The new parallelism exploited by the new categorization can be utilized by incorporating *dual write-caches* in PMP-MPs. Write caches can merge all the write references belonging to the same block into a single write miss request [16, 17]. Consequently, the amount of write traffic can be reduced significantly. The dual write-cache not only reduces the write traffic, but also shortens the synchronization time. We have used five benchmarks in the SPLASH suite to evaluate the performance gain for the new model. According to the simulation results, the new model is superior to the release consistency model at best by about 11%.

The rest of this paper is organized as follows. Section 2 introduces the framework proposed by Gharachorloo et al. [13, 15] and the release consistency model. Section 3 specifies the ordering requirements of memory references for the PSC model. Section 4 gives an example to illustrate how the PSC model can be implemented. In section 5, we present our use of a simulation environment to evaluate the performance benefit propped by the PSC model. Some concluding remarks are given at the end of this paper.

#### 2. RELATED WORK

Release consistency is the generally accepted hardware-centric relaxed memory consistency model because of its performance and implementation complexity [14]. It categorizes memory references, as depicted in Fig. 1, in order to relax restrictions on memory access ordering. Basically, release consistency takes two forms that depend on whether special references are sequential consistent (RC<sub>SC</sub>) or processor consistent (RC<sub>PC</sub>) [10]. In the following, we use the framework [13, 15] proposed by Gharachorloo et al. to specify the system requirements of RC<sub>SC</sub>. The framework provides a formal methodology for specifying sufficient system requirements that precisely capture the semantics of various memory consistency models. In addition, we can compare various models through the formal framework. For more details about the framework, we refer the reader to [13, 15].



Fig. 1. Categorization of memory references.

The specification assumes the following system abstraction. The system consists of n processors,  $P_1, \ldots, P_n$ , and  $P_i$  contains  $t_i$  threads. A read operation  $\mathbf{R}$  shared by  $P_i$  is composed of an initial sub-operation  $R_{init}(i)$  and a read sub-operation R(i). A write operation  $\mathbf{W}$  shared by  $P_i$  is composed of (n+1) atomic sub-operations: the initial write sub-operation  $W_{init}(i)$  and n sub-operations  $W(1), \ldots, W(n)$ . All sub-operations of  $\mathbf{W}$  access the same location and write the same value.
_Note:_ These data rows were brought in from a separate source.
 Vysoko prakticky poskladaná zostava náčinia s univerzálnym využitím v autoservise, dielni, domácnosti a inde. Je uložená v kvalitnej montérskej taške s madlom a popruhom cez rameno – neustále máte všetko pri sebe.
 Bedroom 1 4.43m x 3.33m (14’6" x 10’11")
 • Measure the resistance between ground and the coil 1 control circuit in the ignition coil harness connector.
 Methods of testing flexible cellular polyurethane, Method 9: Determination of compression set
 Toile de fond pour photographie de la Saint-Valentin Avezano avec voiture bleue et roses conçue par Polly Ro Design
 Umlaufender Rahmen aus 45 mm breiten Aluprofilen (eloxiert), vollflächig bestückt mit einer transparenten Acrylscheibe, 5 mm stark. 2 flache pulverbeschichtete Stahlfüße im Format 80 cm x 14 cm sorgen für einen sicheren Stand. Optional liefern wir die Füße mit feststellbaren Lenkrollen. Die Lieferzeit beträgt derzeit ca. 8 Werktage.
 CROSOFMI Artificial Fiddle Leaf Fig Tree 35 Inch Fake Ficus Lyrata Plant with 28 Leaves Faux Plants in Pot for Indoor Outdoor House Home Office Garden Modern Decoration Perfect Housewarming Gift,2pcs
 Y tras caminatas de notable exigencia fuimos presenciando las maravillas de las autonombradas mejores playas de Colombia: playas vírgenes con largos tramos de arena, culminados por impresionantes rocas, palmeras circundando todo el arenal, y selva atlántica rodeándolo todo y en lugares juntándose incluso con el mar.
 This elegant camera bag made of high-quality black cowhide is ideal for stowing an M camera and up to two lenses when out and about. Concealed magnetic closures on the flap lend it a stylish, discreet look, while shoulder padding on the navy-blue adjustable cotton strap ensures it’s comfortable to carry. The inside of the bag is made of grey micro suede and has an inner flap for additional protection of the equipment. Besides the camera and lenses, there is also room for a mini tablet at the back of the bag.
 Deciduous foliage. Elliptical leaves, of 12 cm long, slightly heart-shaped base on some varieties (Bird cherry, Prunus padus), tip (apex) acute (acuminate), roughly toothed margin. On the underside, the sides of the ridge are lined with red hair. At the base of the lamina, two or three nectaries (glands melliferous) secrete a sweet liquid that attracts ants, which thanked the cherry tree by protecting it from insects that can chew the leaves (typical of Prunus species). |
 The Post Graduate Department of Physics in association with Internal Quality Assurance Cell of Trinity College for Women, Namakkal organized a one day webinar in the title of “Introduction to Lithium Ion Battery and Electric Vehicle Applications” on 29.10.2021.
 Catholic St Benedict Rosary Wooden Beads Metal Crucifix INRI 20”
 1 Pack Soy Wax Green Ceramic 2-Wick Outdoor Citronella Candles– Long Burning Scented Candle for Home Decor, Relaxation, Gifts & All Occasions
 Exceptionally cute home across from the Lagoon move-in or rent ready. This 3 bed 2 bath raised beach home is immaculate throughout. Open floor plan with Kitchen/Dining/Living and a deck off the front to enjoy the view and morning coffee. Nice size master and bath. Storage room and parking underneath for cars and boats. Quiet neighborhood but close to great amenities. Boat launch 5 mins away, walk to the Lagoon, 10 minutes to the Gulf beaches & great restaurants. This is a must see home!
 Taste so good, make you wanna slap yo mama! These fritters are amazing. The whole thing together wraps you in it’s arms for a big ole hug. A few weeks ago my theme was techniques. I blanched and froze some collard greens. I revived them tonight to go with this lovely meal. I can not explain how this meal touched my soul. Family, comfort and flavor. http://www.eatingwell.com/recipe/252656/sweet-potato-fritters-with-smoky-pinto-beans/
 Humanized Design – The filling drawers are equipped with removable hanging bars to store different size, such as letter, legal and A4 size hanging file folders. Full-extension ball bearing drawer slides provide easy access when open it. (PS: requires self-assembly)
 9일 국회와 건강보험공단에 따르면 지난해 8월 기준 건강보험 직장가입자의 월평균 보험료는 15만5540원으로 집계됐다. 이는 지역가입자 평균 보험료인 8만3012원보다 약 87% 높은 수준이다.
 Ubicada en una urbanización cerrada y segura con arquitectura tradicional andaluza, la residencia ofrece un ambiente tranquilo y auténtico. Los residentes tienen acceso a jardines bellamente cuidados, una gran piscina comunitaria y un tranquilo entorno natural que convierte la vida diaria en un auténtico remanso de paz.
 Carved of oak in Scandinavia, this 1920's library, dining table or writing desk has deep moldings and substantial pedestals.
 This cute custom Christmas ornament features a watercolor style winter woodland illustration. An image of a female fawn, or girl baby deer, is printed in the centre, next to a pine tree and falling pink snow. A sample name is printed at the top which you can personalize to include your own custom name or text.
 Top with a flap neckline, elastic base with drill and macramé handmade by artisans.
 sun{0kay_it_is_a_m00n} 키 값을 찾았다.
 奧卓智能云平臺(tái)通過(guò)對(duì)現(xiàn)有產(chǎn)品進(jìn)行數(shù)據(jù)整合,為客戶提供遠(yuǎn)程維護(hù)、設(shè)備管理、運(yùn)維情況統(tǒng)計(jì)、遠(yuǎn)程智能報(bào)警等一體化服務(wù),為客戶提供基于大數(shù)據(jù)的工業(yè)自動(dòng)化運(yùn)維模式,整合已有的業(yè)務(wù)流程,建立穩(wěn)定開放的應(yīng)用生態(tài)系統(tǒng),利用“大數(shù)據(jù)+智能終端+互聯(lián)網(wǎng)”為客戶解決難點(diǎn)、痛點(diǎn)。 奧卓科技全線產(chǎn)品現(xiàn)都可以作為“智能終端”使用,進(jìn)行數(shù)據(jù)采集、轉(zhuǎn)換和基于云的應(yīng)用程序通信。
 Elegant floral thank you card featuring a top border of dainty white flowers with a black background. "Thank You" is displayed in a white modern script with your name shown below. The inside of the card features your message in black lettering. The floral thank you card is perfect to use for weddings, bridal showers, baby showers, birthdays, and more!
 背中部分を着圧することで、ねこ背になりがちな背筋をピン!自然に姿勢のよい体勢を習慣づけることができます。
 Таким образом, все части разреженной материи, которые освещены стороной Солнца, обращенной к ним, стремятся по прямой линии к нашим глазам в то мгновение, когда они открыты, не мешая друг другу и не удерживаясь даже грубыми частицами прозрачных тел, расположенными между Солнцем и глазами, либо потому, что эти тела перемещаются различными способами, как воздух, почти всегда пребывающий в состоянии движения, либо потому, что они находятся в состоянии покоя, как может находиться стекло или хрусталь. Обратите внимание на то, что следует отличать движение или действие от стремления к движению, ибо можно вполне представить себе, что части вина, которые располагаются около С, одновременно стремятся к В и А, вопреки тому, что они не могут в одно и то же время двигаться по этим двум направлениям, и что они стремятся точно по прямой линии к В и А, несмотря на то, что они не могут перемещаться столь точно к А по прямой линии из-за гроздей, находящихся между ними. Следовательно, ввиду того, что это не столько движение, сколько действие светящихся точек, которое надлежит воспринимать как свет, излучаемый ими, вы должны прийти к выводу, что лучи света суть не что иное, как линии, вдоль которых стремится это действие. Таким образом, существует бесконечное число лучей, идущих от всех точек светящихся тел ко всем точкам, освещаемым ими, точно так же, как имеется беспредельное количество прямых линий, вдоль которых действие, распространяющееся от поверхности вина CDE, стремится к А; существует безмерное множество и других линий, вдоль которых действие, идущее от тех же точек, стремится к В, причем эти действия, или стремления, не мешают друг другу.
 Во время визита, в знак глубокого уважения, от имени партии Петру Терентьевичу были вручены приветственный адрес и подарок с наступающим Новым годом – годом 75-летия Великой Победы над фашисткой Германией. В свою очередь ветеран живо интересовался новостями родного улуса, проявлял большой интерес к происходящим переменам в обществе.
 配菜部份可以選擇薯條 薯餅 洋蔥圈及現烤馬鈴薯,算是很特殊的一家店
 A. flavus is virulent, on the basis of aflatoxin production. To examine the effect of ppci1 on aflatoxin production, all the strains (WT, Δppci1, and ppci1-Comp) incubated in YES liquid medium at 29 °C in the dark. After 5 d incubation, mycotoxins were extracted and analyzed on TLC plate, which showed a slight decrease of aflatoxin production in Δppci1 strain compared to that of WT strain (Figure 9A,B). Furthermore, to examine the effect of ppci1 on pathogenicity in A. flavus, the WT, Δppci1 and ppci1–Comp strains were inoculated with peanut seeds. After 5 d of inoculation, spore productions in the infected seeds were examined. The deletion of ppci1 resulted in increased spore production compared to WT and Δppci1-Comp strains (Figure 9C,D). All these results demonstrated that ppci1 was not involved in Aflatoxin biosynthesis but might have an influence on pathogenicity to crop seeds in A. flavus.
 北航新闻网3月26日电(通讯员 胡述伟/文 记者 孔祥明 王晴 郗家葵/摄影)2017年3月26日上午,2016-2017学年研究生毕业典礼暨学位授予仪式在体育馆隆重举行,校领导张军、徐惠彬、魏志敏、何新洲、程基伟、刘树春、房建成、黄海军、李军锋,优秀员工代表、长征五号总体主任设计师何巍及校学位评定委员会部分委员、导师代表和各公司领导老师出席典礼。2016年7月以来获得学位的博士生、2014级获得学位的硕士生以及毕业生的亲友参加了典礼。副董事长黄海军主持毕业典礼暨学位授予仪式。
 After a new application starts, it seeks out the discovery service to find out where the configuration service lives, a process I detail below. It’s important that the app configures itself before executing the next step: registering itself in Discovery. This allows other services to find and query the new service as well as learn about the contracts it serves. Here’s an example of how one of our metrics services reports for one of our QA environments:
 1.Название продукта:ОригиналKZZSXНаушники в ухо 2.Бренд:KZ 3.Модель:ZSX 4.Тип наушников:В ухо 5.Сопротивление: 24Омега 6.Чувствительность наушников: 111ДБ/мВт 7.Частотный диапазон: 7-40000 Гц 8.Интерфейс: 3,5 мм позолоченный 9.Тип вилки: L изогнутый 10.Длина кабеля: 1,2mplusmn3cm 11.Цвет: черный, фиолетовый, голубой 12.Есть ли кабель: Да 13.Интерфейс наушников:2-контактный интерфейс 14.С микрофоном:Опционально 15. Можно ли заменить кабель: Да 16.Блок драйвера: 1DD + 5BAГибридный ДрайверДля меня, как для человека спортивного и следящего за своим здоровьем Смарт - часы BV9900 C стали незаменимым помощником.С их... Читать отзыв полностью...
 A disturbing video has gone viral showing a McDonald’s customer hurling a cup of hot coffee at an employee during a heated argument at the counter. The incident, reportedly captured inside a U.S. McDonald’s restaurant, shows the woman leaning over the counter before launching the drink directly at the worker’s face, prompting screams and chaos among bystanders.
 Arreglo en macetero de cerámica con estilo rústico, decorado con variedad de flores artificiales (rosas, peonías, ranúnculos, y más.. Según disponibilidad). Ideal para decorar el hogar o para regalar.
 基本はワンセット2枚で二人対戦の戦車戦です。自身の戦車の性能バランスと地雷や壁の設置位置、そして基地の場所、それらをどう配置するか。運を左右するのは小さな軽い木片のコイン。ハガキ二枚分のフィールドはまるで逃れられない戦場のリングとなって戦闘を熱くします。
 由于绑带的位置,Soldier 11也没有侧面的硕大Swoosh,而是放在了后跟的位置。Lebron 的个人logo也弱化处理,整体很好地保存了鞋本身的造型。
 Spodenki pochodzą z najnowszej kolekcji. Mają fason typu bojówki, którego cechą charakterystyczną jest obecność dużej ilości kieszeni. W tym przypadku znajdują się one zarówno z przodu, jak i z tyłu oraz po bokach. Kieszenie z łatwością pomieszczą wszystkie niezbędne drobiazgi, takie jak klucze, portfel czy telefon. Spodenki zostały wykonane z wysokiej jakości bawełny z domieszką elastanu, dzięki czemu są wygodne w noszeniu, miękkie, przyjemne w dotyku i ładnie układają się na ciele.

To specify restrictions on the execution order under the RC<sub>SC</sub> model, we illustrate several notations in Fig. 2, and the reach condition will be explained in some detail here. The main purpose of the reach condition is to disallow anomalous executions that arise if, for example, systems have the ability to overlap or reorder a read reference with respect to a subsequent write reference. Informally, a read reference reaches a write reference that follows it in program order (denoted by  $R \xrightarrow{rch} W$ ) if the read determines whether the write will execute, the address accessed by the write, or the value written by it. In addition,  $R \xrightarrow{rch} W$  if the read controls the execution, address, or value written of another memory reference that is before W in program order and is related to W by certain program orders. We refer the reader to [13, 15] for a formal definition of the reach condition.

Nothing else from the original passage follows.